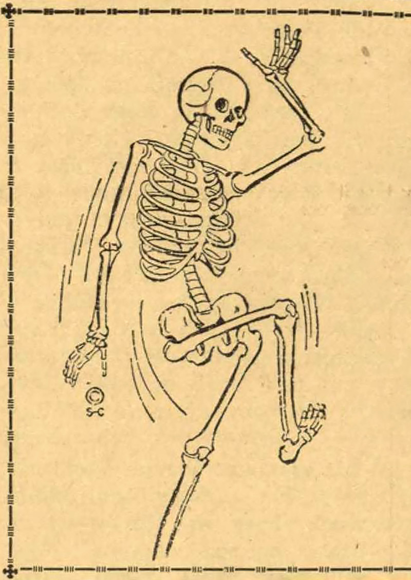 #vintage illustration #skeleton #dance of death #fraternity #vintage yearbook #yearbook #dancing skeleton
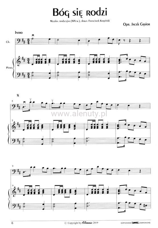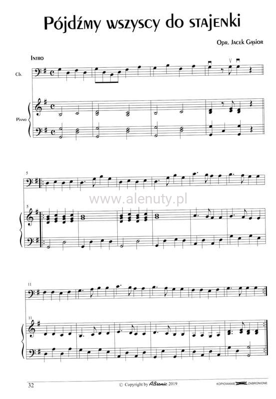 Kolędy w duecie - kontrabas i fortepian - Jacek Gąsior - nuty do kolęd na kontrabas z fortepianem
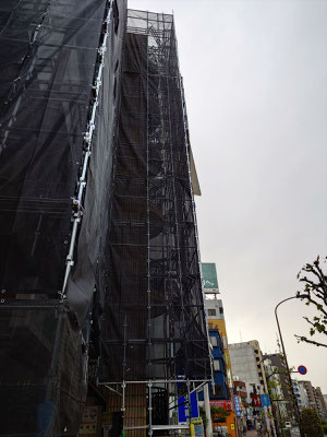 足場が設置されている現場のため看板までアプローチは簡単です。
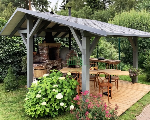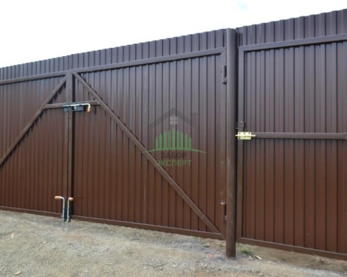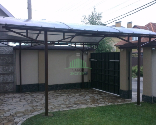 Откатные ворота, кирпич для столбов и все сопутствующие материалы для ленточного фундамента доставляются отдельно.
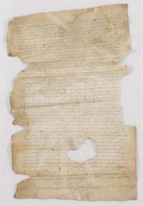 1351. MANUSCRITO : (GERONA-VENTA PERPETUA). VENTA PERPETUA DE UN TERRENO EN LA PARROQUIA DE FONTCOBERTA. Manuscrito sobre pergamino. 49 x 32 cm.
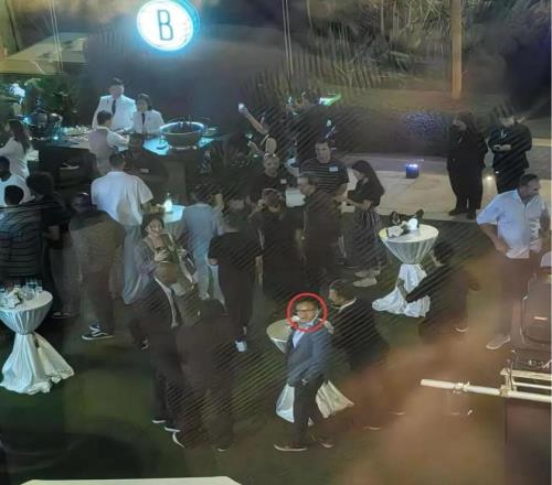 疑似澳门某酒店工作人员晒出的一组照片显示,蔡崇信等人正在与篮网队球员聚会。虽然照片有些模糊,但依稀还是能够辨认出三人。
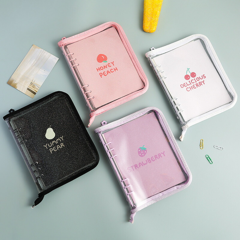手帳 リング付き ins a5a6バインダー ファスナー付き pvc シール帳 推し活グッズ オタ活グッズ はがせる コンパクト手帳 トレカ収納 推し シール収納 かわいい おしゃ リフィル10枚付き

+++++

No pictures go in the copy. Output exactly the lines from the line containing "Откатные ворота, кирпич" through the end of the listing above.

 Откатные ворота, кирпич для столбов и все сопутствующие материалы для ленточного фундамента доставляются отдельно.
 1351. MANUSCRITO : (GERONA-VENTA PERPETUA). VENTA PERPETUA DE UN TERRENO EN LA PARROQUIA DE FONTCOBERTA. Manuscrito sobre pergamino. 49 x 32 cm.
 疑似澳门某酒店工作人员晒出的一组照片显示,蔡崇信等人正在与篮网队球员聚会。虽然照片有些模糊,但依稀还是能够辨认出三人。
手帳 リング付き ins a5a6バインダー ファスナー付き pvc シール帳 推し活グッズ オタ活グッズ はがせる コンパクト手帳 トレカ収納 推し シール収納 かわいい おしゃ リフィル10枚付き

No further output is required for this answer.